# Video Game Soundtracks



## ka00 (Jun 4, 2018)

In another thread, @Fab mentioned "The Last Guardian" soundtrack, which I checked out and love to bits! And I thought, "I can imagine this in a Sam Mendes movie or something". Are there any other equally awesome video game soundtracks I should check out?


----------



## Fab (Jun 4, 2018)

check out maybe r/gameaudio...to get up to date, it's pretty good I think

....and if you want to nerd out about middleware for audio implementation, below is a chart I found fairly recently that might help conceptualize the sort of tricks games like witcher 3 and doom use to help get audio working smoothly within the main game engines; 

http://danikog.github.io/GameAudioTable/


----------



## R. Soul (Jun 4, 2018)

I just think you should play Last Guardian and find out 

It's quite a special game, although it does have issues with camera and control system - it was under development for 9 years, as a result those parts feel really dated.

I've completed it but I can't remember exactly how the soundtrack plays. I think it just plays as is, and repeats when the tune is over, due to the fact the base game is rather old. 
It's not 1 tune per level, but could be 1 tune per area. So in Last Guardian, it could play a new tune when you enter a different room for example.

Many games these days have a music system that develops. So a music bed might play, but as you encounter enemies, other stems might be layered on top, to increase intensity and give the player the notion that he is now in danger. When the enemies are defeated, it goes back to that base music bed.
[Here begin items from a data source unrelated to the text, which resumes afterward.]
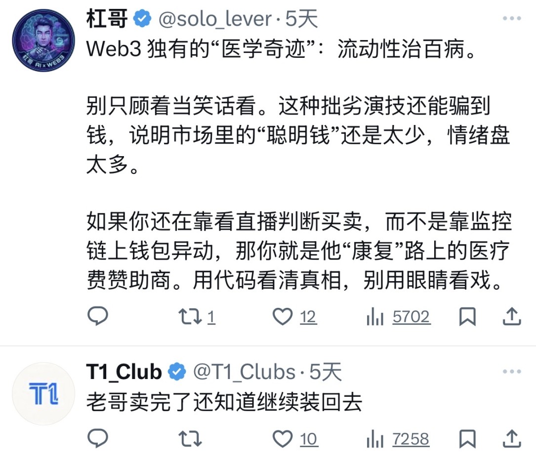 这场直播行为艺术,以最赤裸的方式揭开了某些 Meme 币世界的荒诞法则:叙事(哪怕是最拙劣的表演)驱动价格,而流动性则来源于人性中的轻信与贪婪。开发者用几分钟的「即兴表演」,生动诠释了何为「开盘为了出货」。建议将此片段列入「Web3 防骗警示录」经典案例。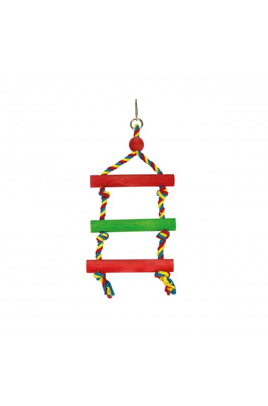 Escalera de color. Para loros y otras aves. Colores vivos hechos con tintes y colorantes no tóxicos. El juego estimula los sentidos y ayuda a prevenir el desplume. Medidas: 13 x 22 cm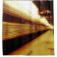 ¿Alguna vez has pensado que tu cuarto de baño está en el centro de la estación Grand Central? Ponga el número de la pista... En la fotografía original de ZoeSPEAK en esta Cortina de Ducha, los pasajeros en el desembarque de distancia del tren pararon en la pista 2. La luz solar brillante golpea la parte superior del brillante tren metalizado, y se puede ver un cartel con la fecha y la hora colgando bajo el techo del andén, con el resto del tren y el andén a la sombra.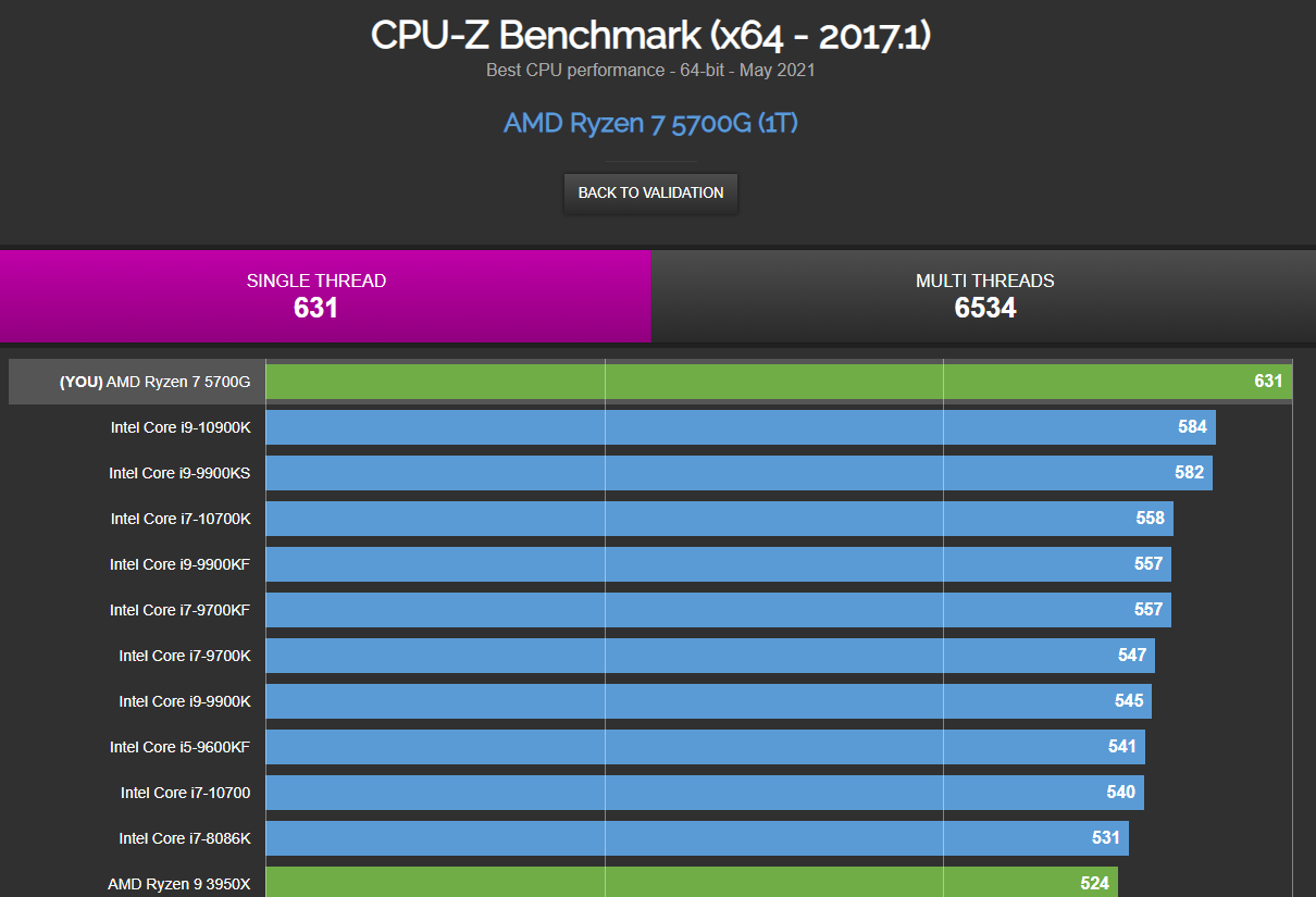 В тесте CPU-Z система на базе процессора Ryzen 7 5700G набрала 631 балл в однопоточном режиме, а также 6534 балла в многопоточном режиме. Процессор продемонстрировал отличный результат в однопоточном режиме, который превышает производительность процессоров Intel Core i9-10900K, Core i9-9900KS и Core i7-10700KF.

That way the music becomes quite dynamic.

I know for example that in order to simplify that process and make it more versatile, in the sense that loads of stems can be mix and matched, all the music for the game Red dead Redemption was recorded at 130 BPM in A minor.


----------



## Fab (Jun 5, 2018)

and thanks, I didn't realize...Last Guardian OST does have a lot of Thomas Newman(isms) it would seem.


----------